Machine learning Notes (i)
Today formally began the study of machine learning, in order to motivate themselves to learn, but also to share ideas, decided to send their own experience of learning to the Internet to let everyone share.
Bayesian learning
Let's start with an example from the famous MLPP, a doctoral dissertation from Josh Tenenbaum, called a digital game.
In my own words: In order to decide who washes the dishes, xiaoming and his wife decide to play a game. Xiao Ming's wife first determines the properties of a number C, such as a prime or a mantissa of 3, and then gives a series of instances of such numbers in 1 to 100 d= {x1,..., XN}; finally give any number x please xiaoming to predict if X is in D. If Xiaoming is wrong, he will wash the dishes, of course, if you guessed the right to eat in the restaurant.

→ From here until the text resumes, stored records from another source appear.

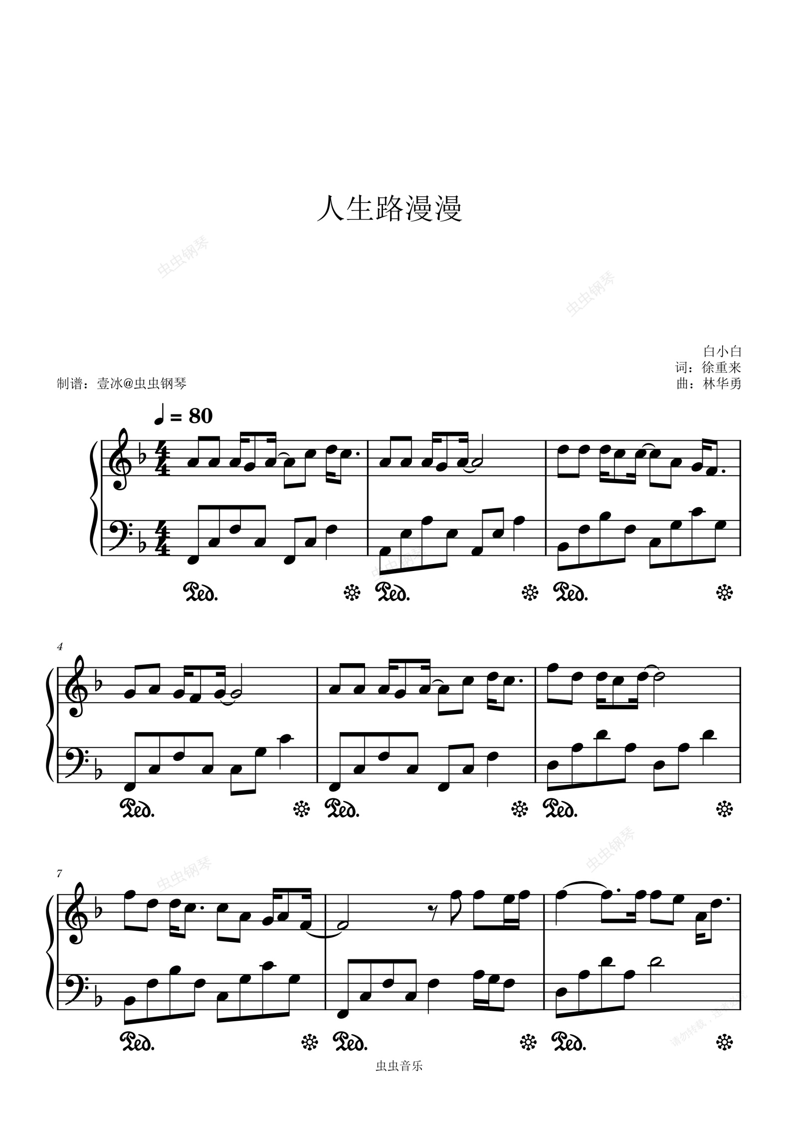 钢琴谱:人生路漫漫 - 白小白 原调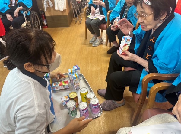 納涼祭も盛り上がっていますが、レクリエーションだけでなくジュースやアイスクリームなども召し上がりひと休憩して頂きました!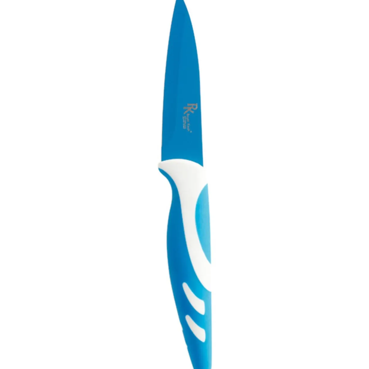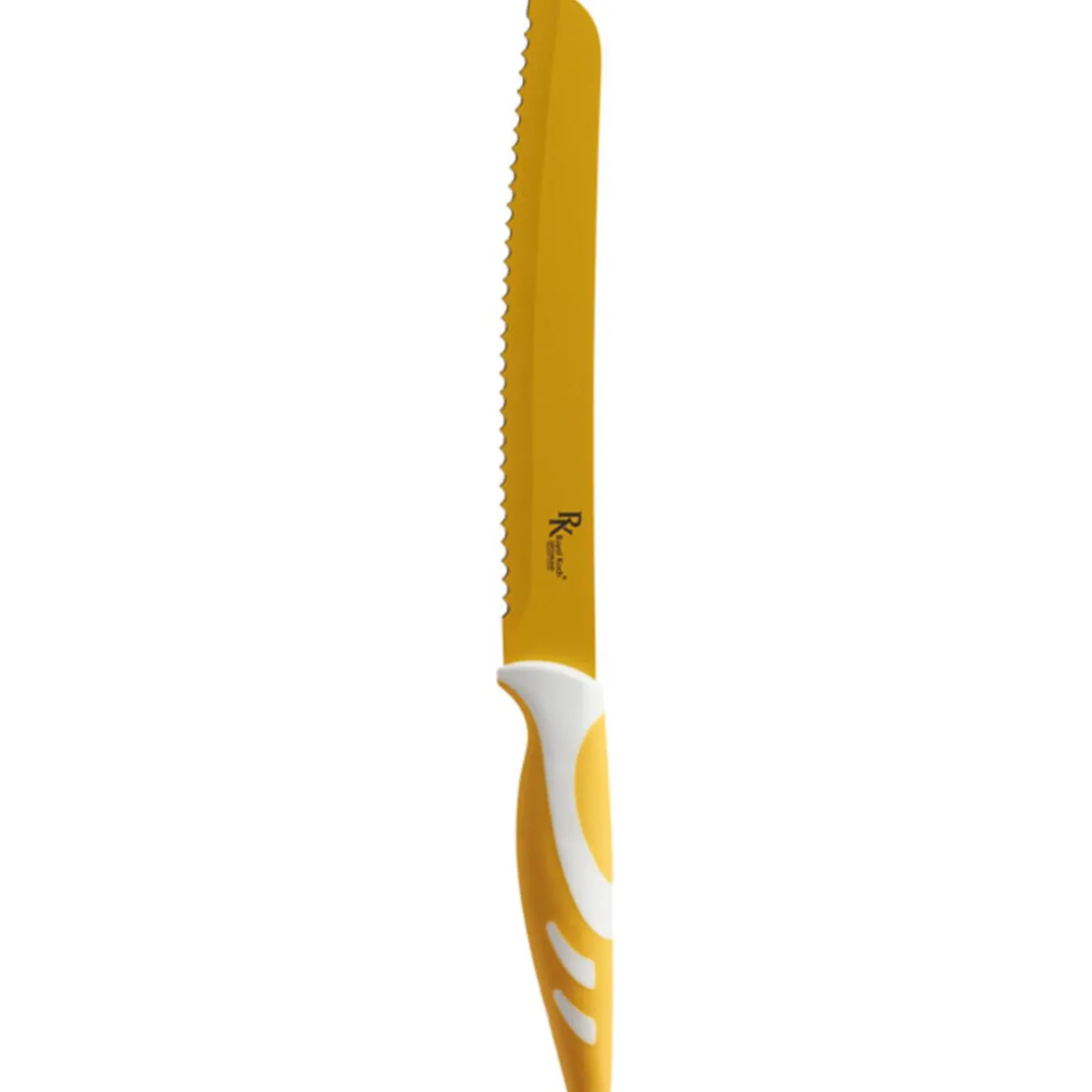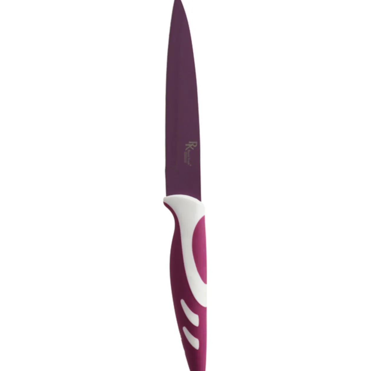 Coffret 6 couteaux multicolore (1 couteau-pain, 1 couteau chef, 1 couteau à émincer, 1 couteau universel, 1 couteau office, 1 couteau à pizza) et 1 éplucheur, métal.

For example, when d={16, 8, 2, 64}, Xiaoming would guess that the initiator gave the C is 2 of the n-th square or even the form, so if x=32, Xiaoming will be very sure that the answer should be yes. Yes, but if X is 10, xiaoming may be a little hesitant. Fortunately, Xiao Ming is a yard farmer, Bayesian learning algorithm gives Xiaoming a tool for judging. Its basic idea is that the final probability (posterior probability) is proportional to the likelihood probability (likelihood) and the prior probability (prior) product
(1) Likelihood probability
In this example, assuming uniform sampling, it is obvious that the likelihood probability is given by the following formula:
That is, the larger the sample space, the less the probability of taking a particular set.
(2) Prior probability
A priori probability represents a supplement to likelihood probability. He can be drawn from historical data, or by experience. In this example, if D = {16,8,2,64}, then xiaoming can get two possible H. One is 2 n times, and the other is 2 N to remove 32. If only the likelihood probability is considered, the probability of the latter case is significantly greater, but from the experience of life we can know that unless the wife is very sick, it is unlikely that the second kind of morally bankrupt collection. So we give the "normal" set a relatively large priori probability, "abnormal" on the contrary, making the final result more consistent with our experience.
(3) post-test probability
The basic Bayesian formula is believed to be clear to everyone. When used because the denominator is a fixed value, so long as the numerator can be determined. The product of a priori probability and likelihood probability
is a concrete display.
It can be seen that even though the likelihood probability of the second hypothesis is greater, the posteriori probability is the first, which is in line with the experience of the people.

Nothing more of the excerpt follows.